Lessons from The Secret Garden

Next, we read The Secret Garden by Frances Hodgson Burnett. I enjoy the way the characters develop throughout the story as well as the descriptive imagery. We only watch the movies after we finish the books (and I chose the adaptation with Maggie Smith). I want my children to see the story in their own mind and have all the details before watching a movie.

One theme in this book that shines through the pages is how a “new thing” becomes accepted truth. This can be applied to trying new ways of doing something, technology, and even how we view ourselves. Everything that exists began with a single idea. Someone then put action behind the idea, testing, and experimenting, until a new thing came to be. “At first people refuse to believe that a strange new thing can be done, then they begin to hope it can be done, then they see it can be done—then it is done and all the world wonders why it was not done centuries ago.”

New thoughts can overpower old ones, creating a shift in both mind and body. While this can work in either direction, in this story, we watch the shift from “sick thoughts” to well ones.
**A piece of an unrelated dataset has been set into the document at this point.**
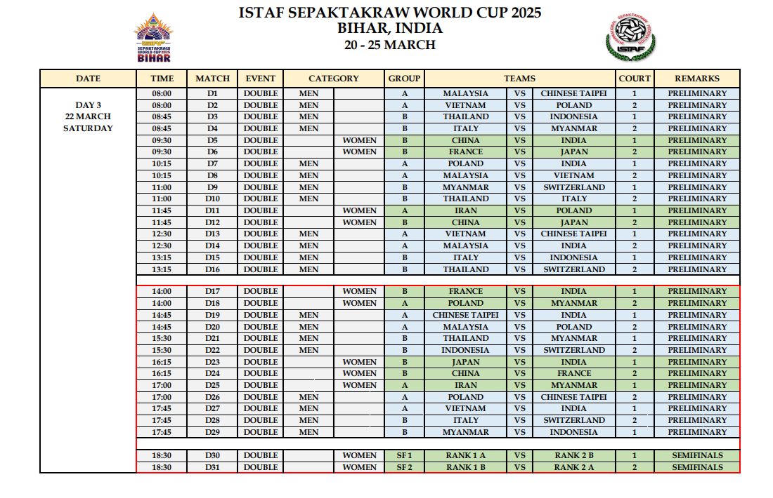 Lịch thi đấu trong ngày 22/3 theo giờ Ấn Độ (Giờ Việt Nam +1h30) |
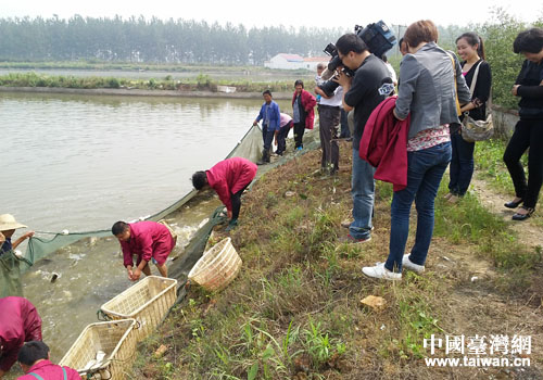 中国台湾网6月6日六安消息 日前,台湾TVBS《中国进行式》栏目摄制组一行来六安市霍邱县马店乡溜山村,对该村鱼鳖养殖年轻人朱治连进行了专题采访。

Your mindset affects all areas of life and health, including the physical. “One of the new things people began to find out in the last century was that thoughts—just mere thoughts—are as powerful as electric batteries—as good for one as sunlight is, or as bad for one as poison. To let a sad thought or a bad one get into your mind is as dangerous as letting a scarlet fever germ get into your body. If you let it stay there after it has got in you may never get over it as long as you live.”

When the children begin to see the changes they call it Magic. Frances Hodgson Burnett uses “Magic” in her writing to describe miracles and acts of kindness. She speaks of Magic the way I do about God’s power in my life. Believing in a Higher Power gives new strength to the believer. “Magic is always pushing and drawing and making things out of nothing. Everything is made out of Magic, leaves and trees, flowers and birds, badgers and foxes and squirrels and people. So it must be all around us.”